Staff rotate rapidly. Clinical photography, messaging apps and digital workflows evolve faster than central security policies can keep up.
The latest DSPT update exists precisely because the assurance gap between desktop and mobile has widened.
The toolkit now asks for evidence — not intent — that controls are active, effective, and applied across all endpoints.
What DSPT compliance truly expects from mobile environments
The DSPT, aligned with the UK’s Cyber Assessment Framework, reframes security assurance around outcomes.
It requires trusts to demonstrate capability across five areas: managing risk, protecting against attack, detecting incidents, minimising impact, and using and sharing information appropriately.
For mobile devices, this means:
- A complete, trusted inventory: Every device interacting with NHS systems — corporate, shared or personal — must be visible and accounted for.
- Supported and up-to-date operating systems: Unsupported OS versions should not be permitted to access sensitive systems.
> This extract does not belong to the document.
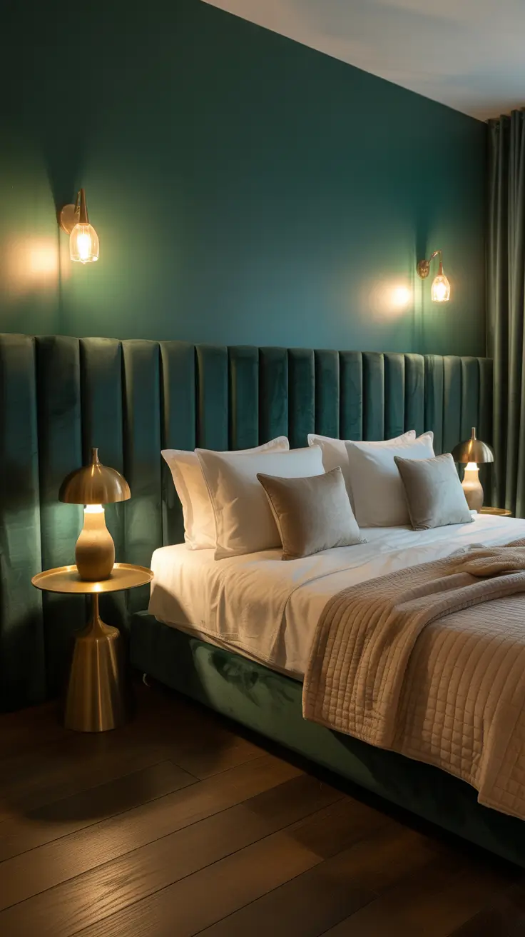 Dark green hues transform bedrooms into intimate, stylish sanctuaries. The 2026 trend combines textured walls, sumptuous velvet furnishings, and warm metallic accents, creating a rich yet inviting atmosphere suitable for master or guest rooms, even in smaller spaces.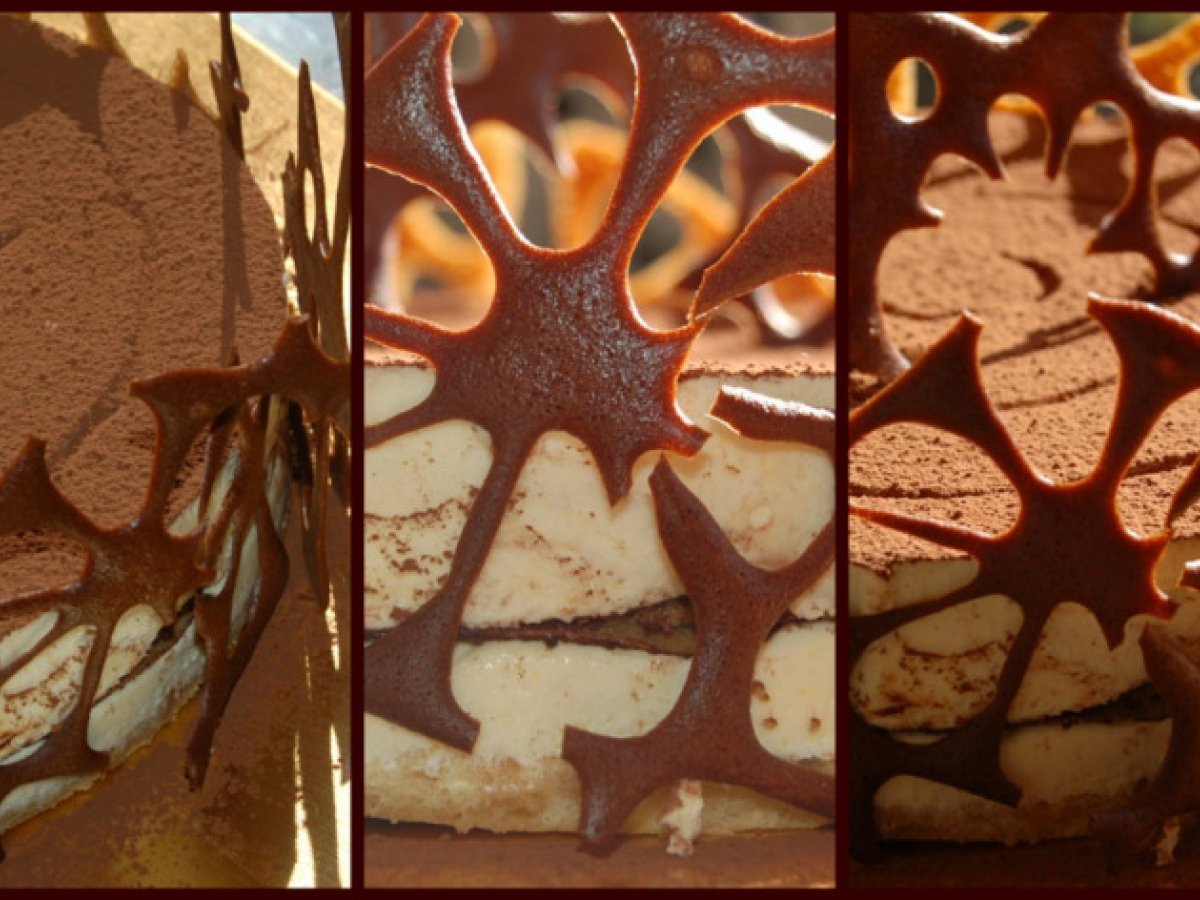 Tiramisú con crujientes de café AnteriorSiguiente PostreMedio25 min Enviar esta receta a un amigo Imprimir esta página Preguntar al autor Publicar la foto de esta receta He aquí unos ingresos sabrosos perfeccionan para el postre. Ingredientes 4 Crema de mascarpone : 200 cc de nata líquida 60 g de azúcar 3 yemas de huevo 1 tarrina de mascarpone 2 hojas de gelatina Plancha de biscuit : 2 yemas de huevo 15 g de azúcar 1 cucharada de agua caliente 2 claras 20 g de azúcar y un pellizco de sal 35 g de harina 20 g de maicena un pellizco de impulsor Crujientes de café : 50 g de azúcar lustre 1 cucharada de café soluble 70 g de sirope a 30º 35 g de clara de huevo 50 g de harina Otros ingredientes : 200 cc de café fuerte + amaretto al 50% cacaco en polvo

Patch compliance becomes a clinical requirement, not an IT aspiration.
- Verification of both user and device identity: Compromised, lost or stolen devices must be isolated or wiped immediately to prevent further exposure.
- Governance that applies equally to BYOD: Personal devices used for clinical communication, photography or system access fall under the same compliance expectations as managed endpoints.
- Evidence that controls work in practice: Policies alone are no longer enough. Trusts must prove that encryption, patching, authentication, isolation and incident response are consistently enforced.
This is the shift from “compliance as documentation” to “compliance as observable security”.
Applying DSPT principles to the real world of mobile in healthcare
To operationalise the DSPT in a mobile environment, organisations need to treat smartphones and tablets as critical clinical infrastructure.
The starting point is visibility.
Without real-time insight into device status, OS versions, application behaviour and compliance posture, risk management becomes guesswork.
Protection against attack relies on consistency. Devices must be encrypted, locked down, patched on schedule and capable of secure remote wipe.
IT teams must be able to govern data flows — from local storage to app-to-app interaction — to ensure clinical photography, messaging and documentation remain controlled.
Detection and response must extend to mobile with the same seriousness applied to desktops.
Device telemetry should integrate with wider monitoring so early warning signs — privilege misuse, rogue profiles, anomalous behaviour — trigger timely intervention.
A device that can be quarantined in minutes is a device that cannot harm patients.
And then there is behaviour. Safe data handling depends on clear policies, reinforced expectations, and a culture where staff understand that mobile discipline is part of protecting patients, not an administrative burden.
The CAF-aligned DSPT expects trusts to demonstrate that these controls function continuously — not once a year at submission time.
It raises the standard to something closer to operational cyber resilience.
DSPT-aligned mobile security is ultimately about patient safety
Cybersecurity in healthcare has always carried higher stakes.
A compromised mobile device isn’t merely an IT incident; it can alter clinical outcomes, delay time-critical care, or expose the most sensitive categories of personal data.
DSPT compliance strengthens resilience by ensuring that the mobile systems clinicians rely on remain secure, available and trustworthy.
This aligns closely with GDPR’s principles of minimisation and accountability, and with the NHS’s growing focus on digital clinical safety.
In an environment where even small interruptions can influence patient care, mobile security is no longer simply a technology matter — it is part of safe, modern healthcare delivery itself.
The organisations that embrace this view now will be the ones best prepared for the next evolution of national cyber standards, the rising threat landscape, and the ever-increasing clinical reliance on mobile.